Nested CV starts off with a traditional $k$-fold CV split on the training set. Then, for each of the $k$ folds, there is a training fold and a test fold. The training fold is split further into $k'$ folds which have a training 'subfold' and a validation 'subfold'. After the training and validation on the inner $k'$ folds to find the optimal hyperparameters, testing is done on the test fold of the outer $k$ fold, and iterated over all of the $k$ folds.

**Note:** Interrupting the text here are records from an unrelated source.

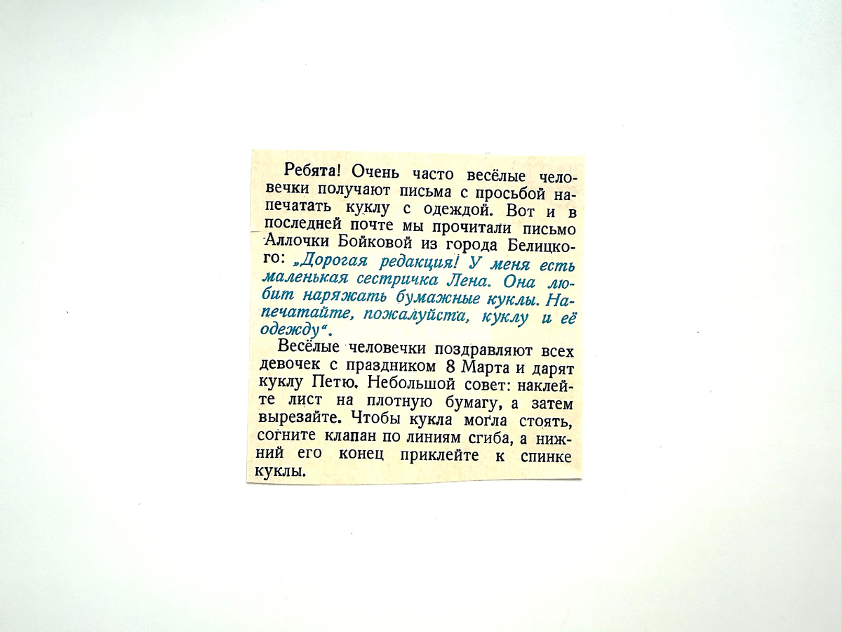 Куколок в журналах часто печатали по просьбам читателей. Сегодняшняя куколка как раз пример такого обращения: Мне в таких случаях всегда интересно, где сейчас автор этого письма? Помнит ли он про него? А где та самая Лена? Сохранилась ли у неё куколка, напечатанная специально для неё в общесоюзном журнале? Куколка, кстати, очень симпатичная, вот, смотрите: Куколка именная, её зовут Катя. Интересная у неё поза, она как будто бы и приветствует свою будущую "маму", мол, "добро пожаловать", и в то же время готовится её обнять: Нарисовала куколку художник Татьяна Зуйкова. Гардероб у Катюшки для своего времени отменный, как мне кажется: Правда, одёжки не всегда подходят по размеру, или же надо вырезать Катю не по контуру, а срезать чуть больше: А ещё у неё есть как раздельные одёжки, которые можно комбинировать, так и сдельные: Мне кажется, гардероб у Кати не просто хороший, но даже богатый. Вроде как в 70-е это джинсовые вещи были ого-го какой дефицит. А у неё вон и жилет, и вот, джинсы: А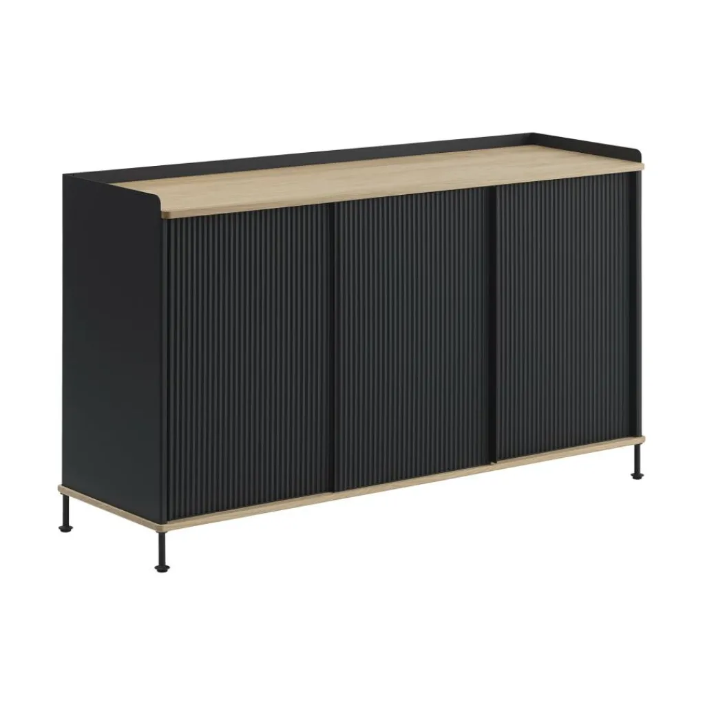 Seine hölzerne Abstellfläche verleiht dem Enfold Sideboard 148x45cm eine elegante Optik. Sie besteht ebenso wie der Boden des Aufbewahrungsmöbels aus hochwertigem Eichenholz, ist zartgemasert, geölt und beeindruckt mit einer sanften, warmen Haptik. Einen attraktiven Kontrast dazu bilden die Wände aus pulverbeschichtetem Stahl, das ein kühles Flair versprüht. Reizvolle Hingucker bilden die Schiebetüren, die mit ihren geriffelten Oberflächen attraktive Schatten werfen. Schlanke Beine aus Rundstahl schenken ihm eine leichte Optik. Für eine feste Stabilität sorgen die kleinen scheibenartigen Füße des Aufbewahrungsmöbels. So macht sich das Enfold Sideboard 148x45cm gut in kreativ gestalteten Büroräumen oder in einer modernen Praxis sowie im Wohnzimmer oder im Homeoffice. Zudem eignet sich das dekorative Aufbewahrungsmöbel für den Verkaufsraum einer Boutique.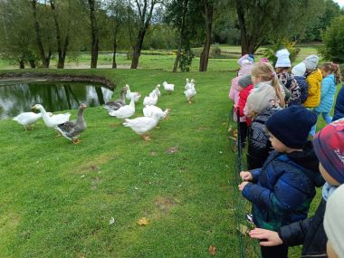 Po przyjeździe czekało na nas tam wiele atrakcji, od razu zostaliśmy zaproszeni na pyszne śniadanie, następnie przygotowywaliśmy pachnące rogaliki z powidłami, udaliśmy się na spacer, podczas którego podziwialiśmy sady, grządki oraz liczne zwierzęta z gospodarstwa domowego. Oprócz tych atrakcji, czekało nas kiszenie kapusty, karmienie zwierząt i składanie uli.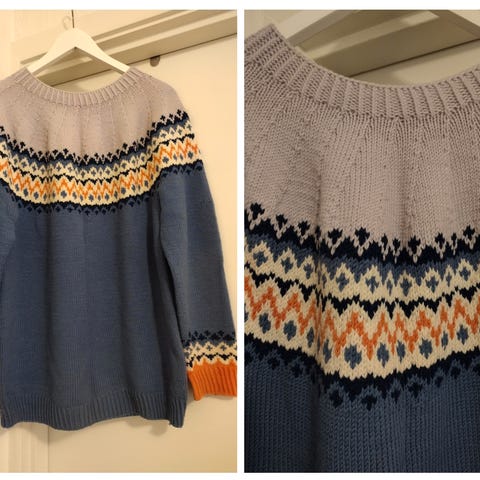 Dette er en nydelig genser. Strikket nedenfra og opp med rund felt bærestykke. I mykt og behagelig garn, og med dekorativt mønster på bærestykket kan denne fort bli en favoritt.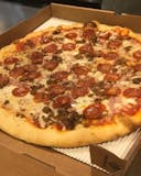 Pepperoni, sausage, mushrooms, onions, green peppers, black olives.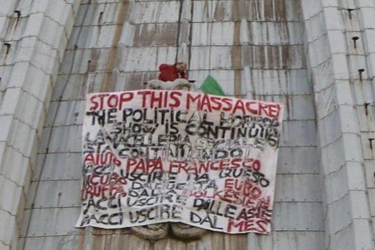 En aquellas ocasiones protestó contra el entonces Gobierno de Mario Monti y la Unión Europea (UE) y ahora, al igual que las otras dos veces, accedió a la cúpula como un turista más, saltó la verja de seguridad y se encaramó a un "ojo de buey" de la bóveda.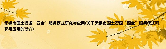 大家好,无锡市国土资源“四全”服务模式研究与应用,关于无锡市国土资源“四全”服务模式研究与应用的简介很多人还不知道,现在让我们一起来看看吧!

This method is supposed to provide an almost unbiased error estimate on the methods being used: (Bias in Error Estimation When Using Cross-Validation for Model Selection by S. Varma and R. Simon, BMC Bioinformatics, 7(1): 91, 2006, https://bmcbioinformatics.biomedcentral.com/articles/10.1186/1471-2105-7-91).

In [1]:
import numpy as np
import pandas as pd

import matplotlib.pyplot as plt

from sklearn.pipeline import make_pipeline
from sklearn.preprocessing import StandardScaler, LabelEncoder
from sklearn.model_selection import train_test_split

from sklearn.svm import SVC
from sklearn.tree import DecisionTreeClassifier
#Algorithms to compare

from sklearn.model_selection import GridSearchCV, cross_val_score

In [2]:
df = pd.read_csv('https://archive.ics.uci.edu/ml/machine-learning-databases/breast-cancer-wisconsin/wdbc.data', header=None)
# Breast cancer data, with diagnosis as target variable
print(df.loc[:, 1].value_counts())

y = df.loc[:, 1].values
X = df.loc[:, 2:].values

le = LabelEncoder()
y = le.fit_transform(y)

X_train, X_test, y_train, y_test = train_test_split(X, y, test_size=0.25, stratify=y, random_state=42)

1
B    357
M    212
Name: count, dtype: int64


In [3]:
# We will implement a 5 x 2 nested CV scheme here
# Since k = 5, we will use the grid search in the inner k' = 2 folds to optimize the estimator
# And on the outer folds, we use the optimal parameters to test

gs_dt = GridSearchCV(estimator=DecisionTreeClassifier(random_state=42),
                  param_grid=[{'max_depth': [1, 2, 3, 4, 5, 6, 7, None]}],
                  scoring='accuracy',
                  cv=2)

scores = cross_val_score(gs_dt, X_train, y_train, scoring='accuracy', cv=5)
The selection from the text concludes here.